**PROBLEM STATEMENT**
Word for word, output the data, with none of its pictures.

**SUPPLIED INFORMATION**
= Beginning of Section =

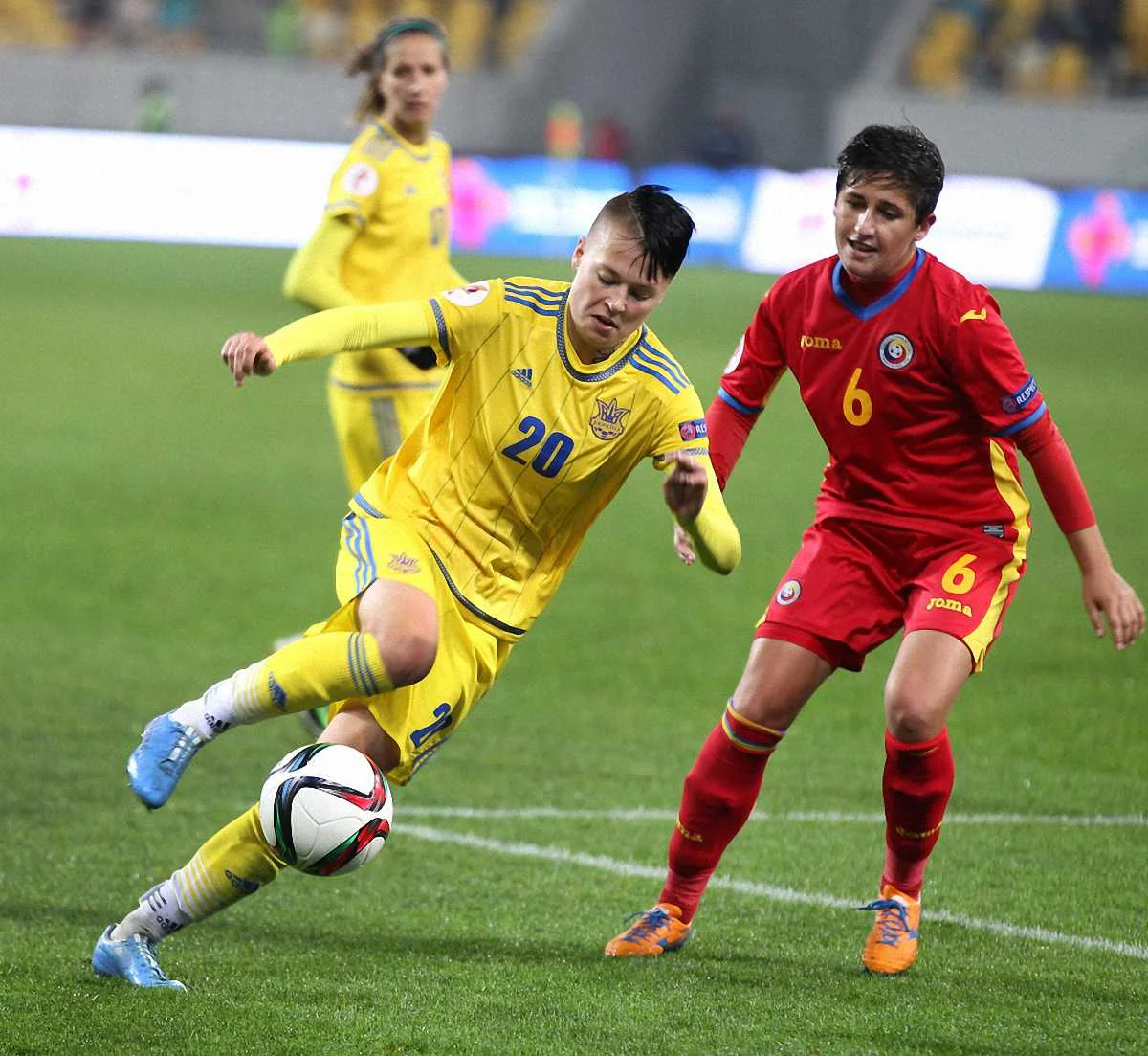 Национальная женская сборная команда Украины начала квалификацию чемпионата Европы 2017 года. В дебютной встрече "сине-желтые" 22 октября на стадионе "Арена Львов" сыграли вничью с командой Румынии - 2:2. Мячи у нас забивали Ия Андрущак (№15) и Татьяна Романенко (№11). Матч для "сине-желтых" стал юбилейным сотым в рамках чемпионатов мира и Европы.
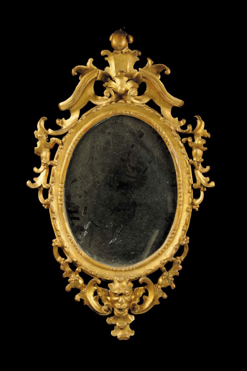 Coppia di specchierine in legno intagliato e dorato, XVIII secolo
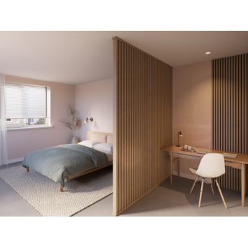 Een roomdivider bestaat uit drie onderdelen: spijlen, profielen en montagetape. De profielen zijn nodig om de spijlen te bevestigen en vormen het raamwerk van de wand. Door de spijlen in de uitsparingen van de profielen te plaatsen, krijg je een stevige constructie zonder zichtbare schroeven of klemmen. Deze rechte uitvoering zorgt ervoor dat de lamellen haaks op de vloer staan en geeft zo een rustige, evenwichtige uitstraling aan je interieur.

= End of Section =

**FINAL ANSWER**
 Национальная женская сборная команда Украины начала квалификацию чемпионата Европы 2017 года. В дебютной встрече "сине-желтые" 22 октября на стадионе "Арена Львов" сыграли вничью с командой Румынии - 2:2. Мячи у нас забивали Ия Андрущак (№15) и Татьяна Романенко (№11). Матч для "сине-желтых" стал юбилейным сотым в рамках чемпионатов мира и Европы.
 Coppia di specchierine in legno intagliato e dorato, XVIII secolo
 Een roomdivider bestaat uit drie onderdelen: spijlen, profielen en montagetape. De profielen zijn nodig om de spijlen te bevestigen en vormen het raamwerk van de wand. Door de spijlen in de uitsparingen van de profielen te plaatsen, krijg je een stevige constructie zonder zichtbare schroeven of klemmen. Deze rechte uitvoering zorgt ervoor dat de lamellen haaks op de vloer staan en geeft zo een rustige, evenwichtige uitstraling aan je interieur.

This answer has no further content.